It’s calving time at Sweet Hills Farm and all over the west! As you drive around the countryside, look for them scampering or napping in the pastures. When they’re under a week old, they’re wobbly-legged, and then they grow fast, and get very confident and rambunctious. Say hello to the first to come along on our place – a handsome little bull-calf born to first-time mamma cow, Bella. He weighed in at 87 pounds at birth, a nice hefty size. Hi Little Guy!

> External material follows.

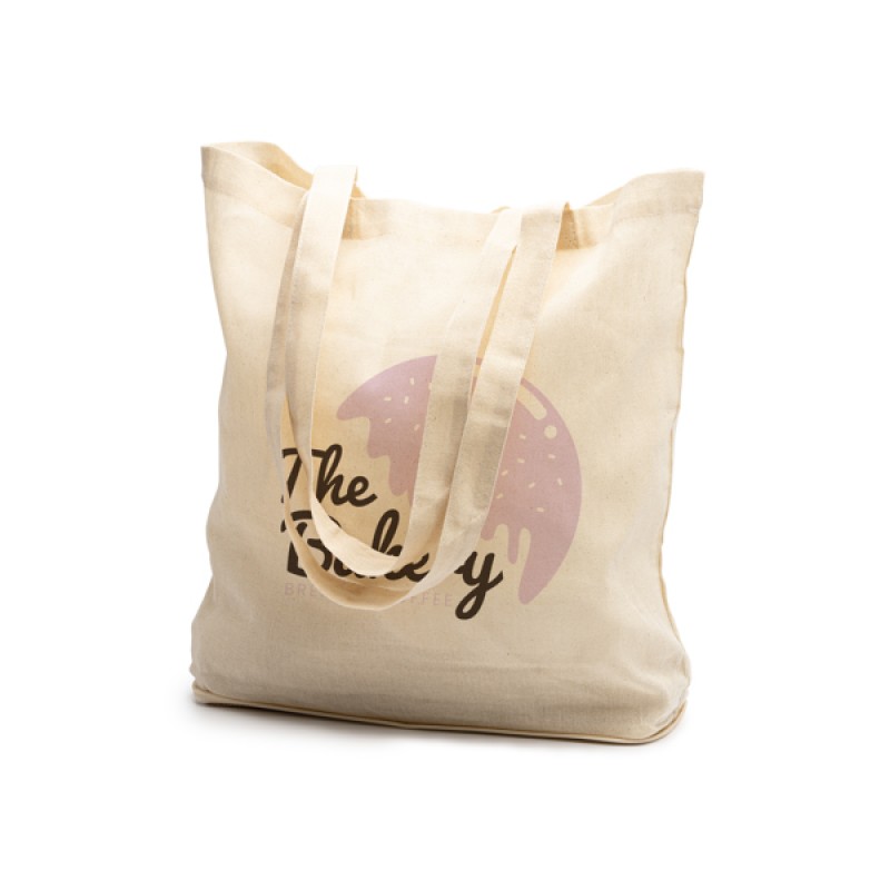 Складная сумка из 100% хлопка (110 г/м²) с дном из джута. В комплекте наружный карман. Усиленные ручки длиной 60 см. Легкое складывание и молния.

It’s always amazing how the motherly instinct kicks in immediately. After being born, the baby calf just lays there, stunned and exhausted for a bit. Of course, we make sure that the little calf is breathing properly, but we don’t want to interfere any more than that, unless absolutely necessary. The mamma, of course, hasn’t seen her baby yet; with a new mother, she doesn’t even know what’s happened, only that she was hurting a lot, and now she doesn’t hurt any more. But, after about 10 minutes, something tells her “Get up! You have a new BABY!” So, she does, and when she turns around and sees him, you can see the look on her face, “Oh my goodness! What is THIS? MY BABY!!!” And she begins to lick, lick, lick, cleaning him all off, warming him up, and urging him to stand for the first time. When he does, she nudges him toward her udder so that he can nurse and get that first colostrum milk, important for its antibodies and nourishment. Every birth truly seems like a new miracle.
This little guy is a purebred Angus; he’s of show quality, and was bred to sell to a 4-H or FFA kid. Then, he will be shown and sold at our local county fair. Which means that he will not remain a bull for very long, but will become a steer shortly (he’ll be castrated). We love keeping mother cows, and have only a few of them. But they are very high quality, and are a good representation of their breed. The sire of this calf is called “Retail Product,” a fancy Angus bull. The mother was bred by artificial insemination, aka “AI.” AI allows small breeders like us to improve the quality of the animals they produce without having to purchase an expensive bull. We hire an AI Technician to do the AI. He brings the mamma into heat by giving her certain hormones, then, at 12 hour intervals, inseminates her 2 or 3 times. Works almost every time! And then, Viola! 9 months later, we get a beautiful calf!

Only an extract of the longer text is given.